第1回(昭和63年)「人事院総裁賞」職域グループ部門受賞者
 
 

気象庁海洋気象部海務課南鳥島気象観測所
【業務内容】
 南鳥島気象観測所は、地上観測、高層観測等の業務を行っている。南鳥島は、台風等の進路予想の重要なポイントとなっているとともに、海洋の中の観測点ということで、その観測データは世界中で活用されている。

【設 立】
 
昭和26年、米国の委託により、気象庁が南鳥島において気象観測を開始したが、昭和38年、米国気象局に移管。
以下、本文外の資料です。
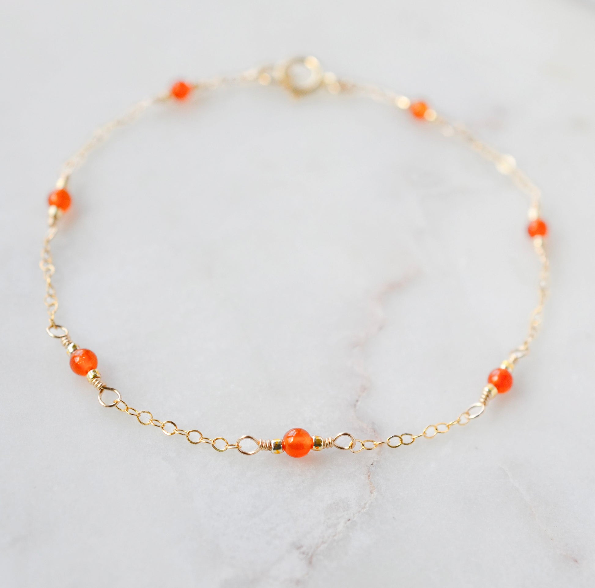 Crafted by hand using real, smooth polished carnelian stones on a chain of sterling silver or 14k gold, this bracelet is perfect for layering or keeping things simple. It's a great present for your mother, girlfriend, or even yourself!
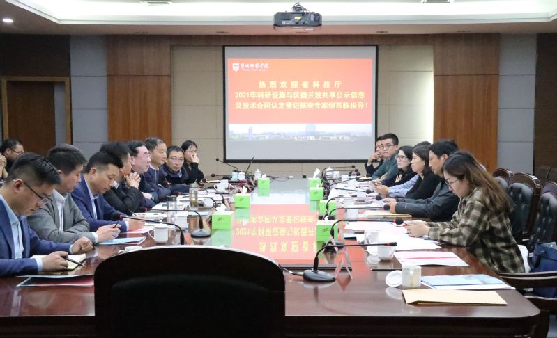 10月27日下午,省科技资源统筹服务中心副主任孙兴莲带领专家组一行来我校就2021年学校大型仪器设备开放共享公示信息及技术合同认定登记工作进行了现场核查。校党委常委、副校长庞波及国有资产与实验室管理处、联合技术转移中心、教务处、科技与产业处、人事处、财务处、化学与环境工程学院等单位负责人参加了会议。

昭和43年の小笠原諸島の返還に伴い、気象庁南鳥島気象観測所として設置され、米国より気象業務を引き継ぎ、現在に至る。

【代表者】 小倉一重所長
【職員数】 17名
 
 南鳥島気象観測所は、生活の著しく不便な離島において、多年にわたり観測点の極めて少ない南方海域での貴重な気象観測に尽力し、公務の信頼の確保に寄与していることが認められました。
 気象観測所のある南鳥島は、東京から南東に1800キロメートル離れた所にあり、硫黄島、小笠原諸島に取り囲まれた、海抜8メートル、面 積が約1,1平方キロメートルの花台状の隆起珊瑚でできた、太平洋の真中に浮ぶ文字どおりの孤島です。
 島には、気象庁の職員のほか、防衛庁海上自衛隊の航空派遣隊が11名と米軍沿岸警備隊22名だけで、一般 の住民は1人もいないため、例えば、通信機器等を稼働させるための発電所の運営は気象庁、調理や生活物資の輸送は防衛庁というように、防衛庁との密接な協力の下で、業務運営がなされています。
 職員は、3か月交替で南鳥島に出張勤務するというローテーションで勤務をしているため、勤務に赴く日の朝、「子供に『またきてね』と言われたことが一番辛かった」と、ある職員が話していたといいます。